Output the data in full. Keep every word exact and exclude the pictures.

[INFORMATION PROVIDED]

>>

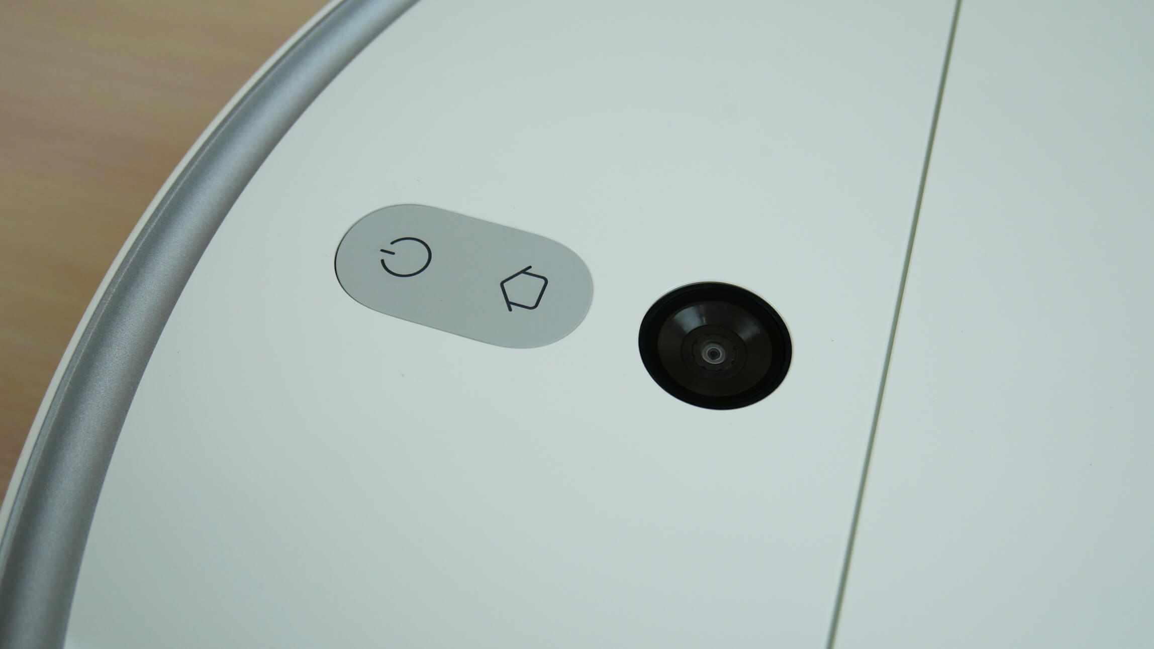 Viršutiniame valdymo skydelyje yra du mechaniniai mygtukai: paleidimas / pristabdymas ir priverstinis grįžimas į įkrovimo bazę. Netoliese yra kamera, kuri yra pagrindinis roboto dulkių siurblio navigacijos įrenginys.
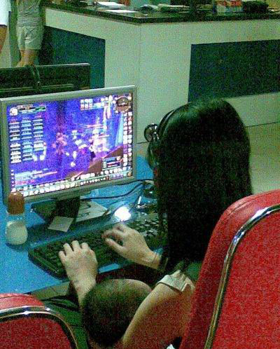 Choáng với bà mẹ vừa cho con bú vừa... chơi game
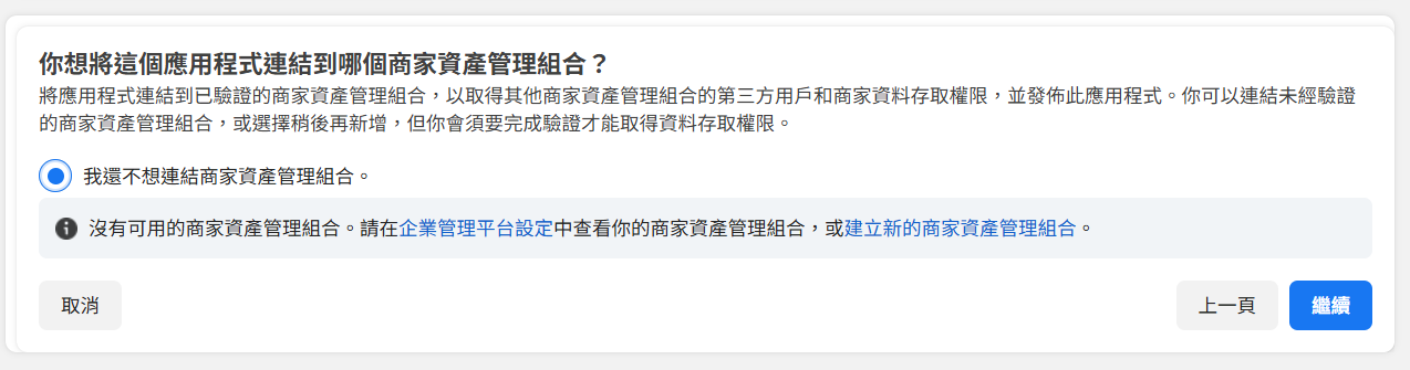 選我還不想連結商家資產管理組合。 繼續

<<

[ANSWER]
 Viršutiniame valdymo skydelyje yra du mechaniniai mygtukai: paleidimas / pristabdymas ir priverstinis grįžimas į įkrovimo bazę. Netoliese yra kamera, kuri yra pagrindinis roboto dulkių siurblio navigacijos įrenginys.
 Choáng với bà mẹ vừa cho con bú vừa... chơi game
 選我還不想連結商家資產管理組合。 繼續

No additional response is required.